*DATA FOR THIS EXERCISE:*

========================

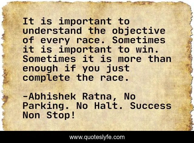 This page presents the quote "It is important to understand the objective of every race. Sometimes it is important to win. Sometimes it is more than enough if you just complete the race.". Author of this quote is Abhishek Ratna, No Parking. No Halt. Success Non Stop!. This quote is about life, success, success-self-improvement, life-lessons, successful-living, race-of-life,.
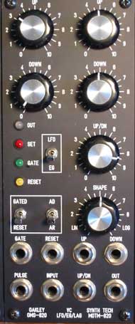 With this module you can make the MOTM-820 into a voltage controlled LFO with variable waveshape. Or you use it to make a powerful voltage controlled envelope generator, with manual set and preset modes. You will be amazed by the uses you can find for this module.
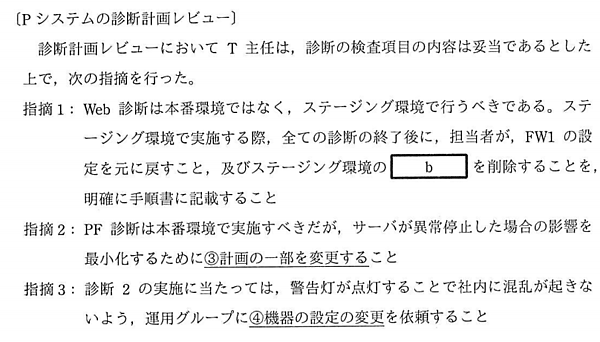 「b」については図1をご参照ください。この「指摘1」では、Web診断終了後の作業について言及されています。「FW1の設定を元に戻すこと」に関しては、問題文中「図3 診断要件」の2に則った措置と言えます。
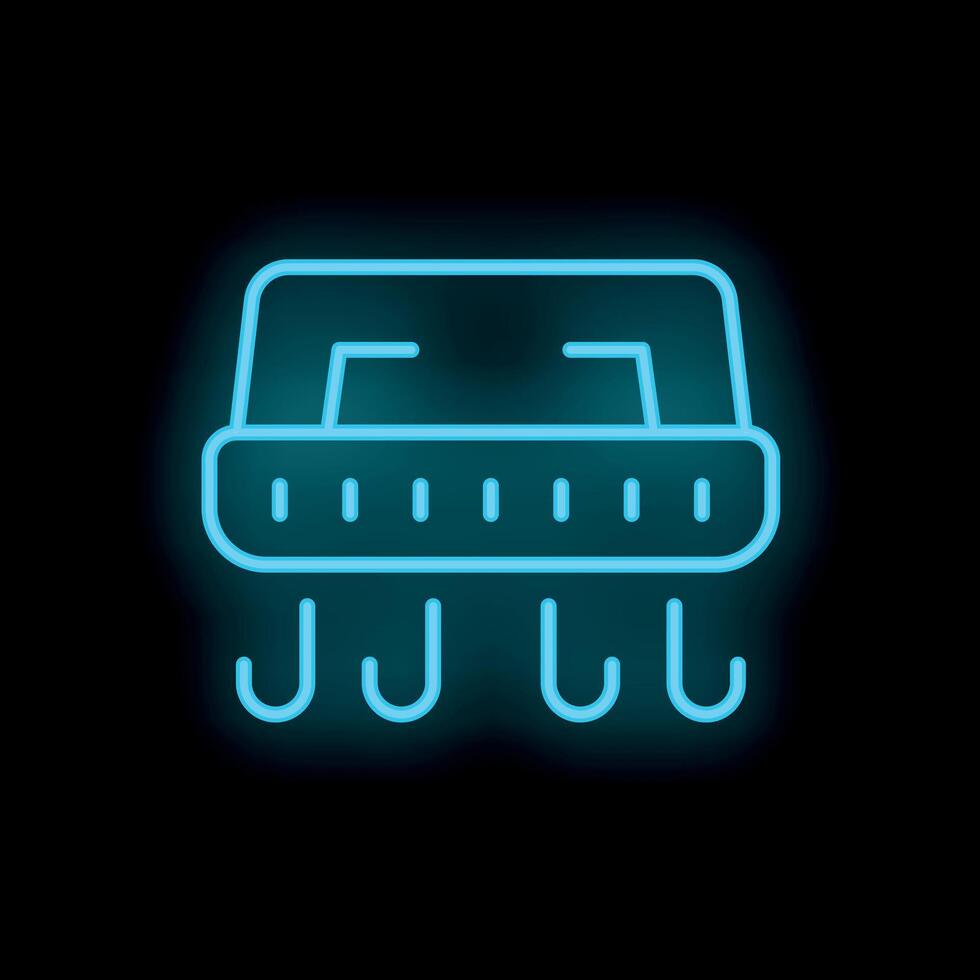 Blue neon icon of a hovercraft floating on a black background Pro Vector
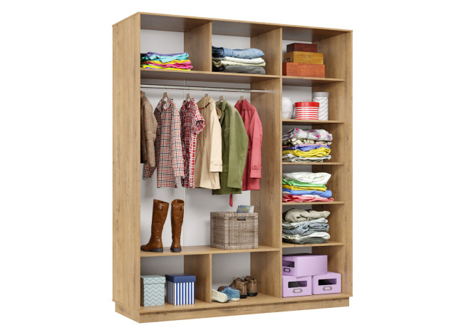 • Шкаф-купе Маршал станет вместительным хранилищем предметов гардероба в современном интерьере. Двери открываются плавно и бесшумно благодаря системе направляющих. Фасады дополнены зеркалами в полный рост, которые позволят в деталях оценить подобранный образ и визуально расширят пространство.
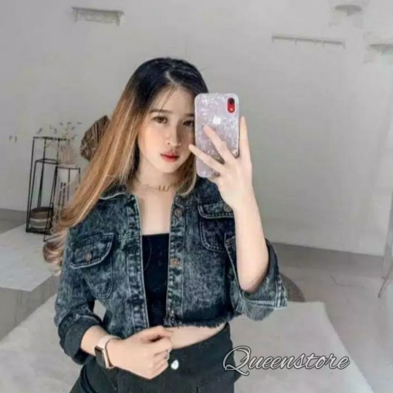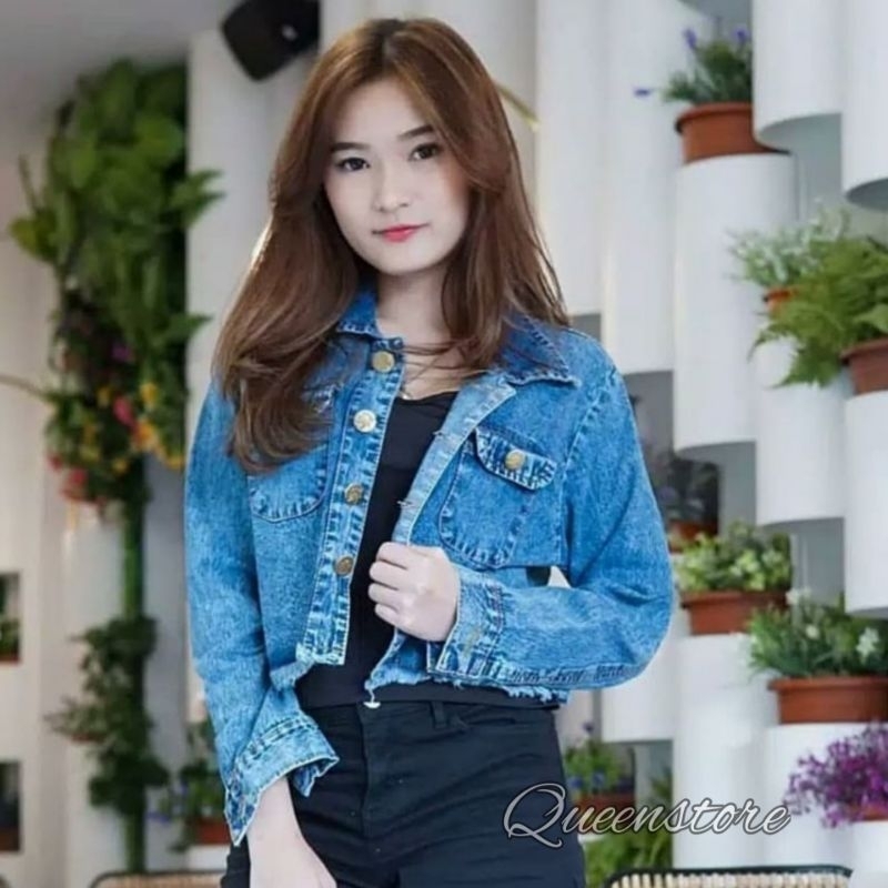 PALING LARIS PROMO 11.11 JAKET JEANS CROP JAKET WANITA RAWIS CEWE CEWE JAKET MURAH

========================

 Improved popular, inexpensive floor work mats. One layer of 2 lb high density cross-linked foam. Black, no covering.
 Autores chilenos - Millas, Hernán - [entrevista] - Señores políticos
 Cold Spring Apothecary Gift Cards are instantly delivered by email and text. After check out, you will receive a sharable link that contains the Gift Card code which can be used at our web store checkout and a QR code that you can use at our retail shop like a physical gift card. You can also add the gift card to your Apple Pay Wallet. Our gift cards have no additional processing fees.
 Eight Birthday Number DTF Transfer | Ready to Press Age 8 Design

========================

*WHAT THIS TASK INVOLVES:* An exact copy of the lines above between the line holding "Improved popular, inexpensive" and the line holding "Eight Birthday Number", inclusive, is the whole answer.

*ANSWER TO THIS TASK:*
 Improved popular, inexpensive floor work mats. One layer of 2 lb high density cross-linked foam. Black, no covering.
 Autores chilenos - Millas, Hernán - [entrevista] - Señores políticos
 Cold Spring Apothecary Gift Cards are instantly delivered by email and text. After check out, you will receive a sharable link that contains the Gift Card code which can be used at our web store checkout and a QR code that you can use at our retail shop like a physical gift card. You can also add the gift card to your Apple Pay Wallet. Our gift cards have no additional processing fees.
 Eight Birthday Number DTF Transfer | Ready to Press Age 8 Design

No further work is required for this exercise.